PH may be clinically heterogeneous. Although most patients with PH often die early from complications of neonatal liver failure, reports of favourable outcomes with only supportive treatment suggest diversity of pathogenesis (5,6). Some patients have survived with minimal evidence of liver damage once they recovered from the initial liver failure. The classic presentation of PH consists of profound coagulopathy, hyperbilirubinemia, ascites, and renal and liver failure, with only a mild increase in aminotransferase levels, features similar to those of other chronic forms of neonatal liver failure. The diagnosis of PH is not uncommonly delayed due to difficulty in recognizing how ill an infant is when liver enzymes are relatively normal. The diagnosis is established by the presence of an iron overload in serum, the liver and other organs, with sparing of the reticuloendothelial system, along with the classic clinical picture. Serum ferritin levels are often markedly elevated but not necessarily diagnostic. Liver or buccal mucosal biopsies show iron overload but may be technically difficult to obtain. The T2-weighted magnetic resonance imaging scan is often used as a noninvasive way to show iron accumulation in the liver and other organs (7).

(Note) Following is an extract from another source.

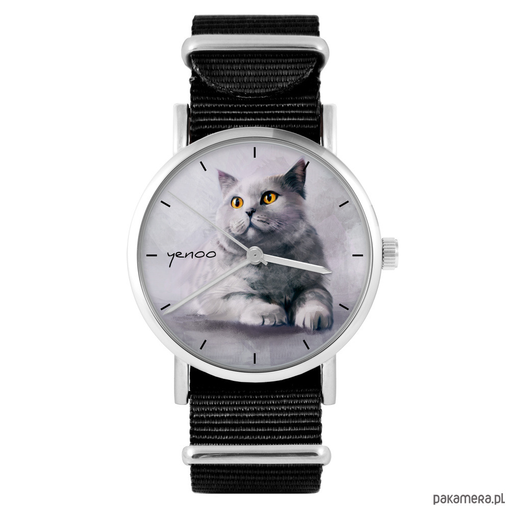 Zegarek - Kot brytyjski - czarny, nylonowy

However, severe loss of hepatocytes may give a false impression of low iron levels on magnetic resonance imaging scans.
Recent evidence suggests that treatment using an ‘antioxidant cocktail’ (N-acetylcysteine, selenium, alpha-tocopherol, prostaglandin E1 and desferroxamine) (8,9) may lead to recovery in some infants, while in others it may allow clinical stabilization until liver transplantation is possible (10). Recent reports of successful outcomes following neonatal liver transplantation for PH are encouraging. The pathogenesis of PH remains unclear. It may be the clinical phenotype of various diseases, which can cause neonatal liver failure, such as inborn errors of bile acid synthesis or congenital parvovirus B19 infection (11,12). In some infants, it may reflect an inherited metabolic disorder, but the inheritance pattern and nature of the metabolic defect remain unknown. In some cases, a mitochondrial disorder is postulated. Even the true incidence of PH is not clear, with approximately 100 cases reported in the literature since it was first described in 1980.

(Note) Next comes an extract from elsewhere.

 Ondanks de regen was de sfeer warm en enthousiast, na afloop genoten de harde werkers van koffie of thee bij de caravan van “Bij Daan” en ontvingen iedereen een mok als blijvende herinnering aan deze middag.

With the comprehensive surveillance method available through the Canadian Paediatric Surveillance Program, the authors aim to collect information on all cases of neonatal liver failure in Canada in a general and prospective manner. The authors anticipate finding acute pattern neonatal liver failure due to viral infections, acute and chronic pattern neonatal liver failure due to hereditary tyrosinemia type 1 and chronic-pattern neonatal liver failure due to various disorders, especially PH. These data will provide a unique epidemiological perspective on this important group of neonatal liver diseases. We anticipate developing improved diagnostic methods and more effective treatment for these potentially salvageable conditions.